Your assignment >>
Would you please output, word for word, the span of the listing below that opens on the line containing "Boho-inspired rugs add" and closes on the line containing "六華苑の庭園内には、池・紅葉"? Include both ends and nothing more.
---- Records for the task
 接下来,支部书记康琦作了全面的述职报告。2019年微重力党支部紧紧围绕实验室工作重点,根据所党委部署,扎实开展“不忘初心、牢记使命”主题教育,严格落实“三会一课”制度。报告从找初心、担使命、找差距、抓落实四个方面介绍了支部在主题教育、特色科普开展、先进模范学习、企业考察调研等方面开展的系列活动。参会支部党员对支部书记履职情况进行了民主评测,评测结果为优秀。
--------
---- Records for the task
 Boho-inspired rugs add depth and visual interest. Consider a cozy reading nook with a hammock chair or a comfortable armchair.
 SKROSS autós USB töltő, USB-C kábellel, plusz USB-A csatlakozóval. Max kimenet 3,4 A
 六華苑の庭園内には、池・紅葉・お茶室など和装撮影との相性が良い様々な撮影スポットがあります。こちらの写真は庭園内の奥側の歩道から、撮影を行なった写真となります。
--------
Task result >>
 Boho-inspired rugs add depth and visual interest. Consider a cozy reading nook with a hammock chair or a comfortable armchair.
 SKROSS autós USB töltő, USB-C kábellel, plusz USB-A csatlakozóval. Max kimenet 3,4 A
 六華苑の庭園内には、池・紅葉・お茶室など和装撮影との相性が良い様々な撮影スポットがあります。こちらの写真は庭園内の奥側の歩道から、撮影を行なった写真となります。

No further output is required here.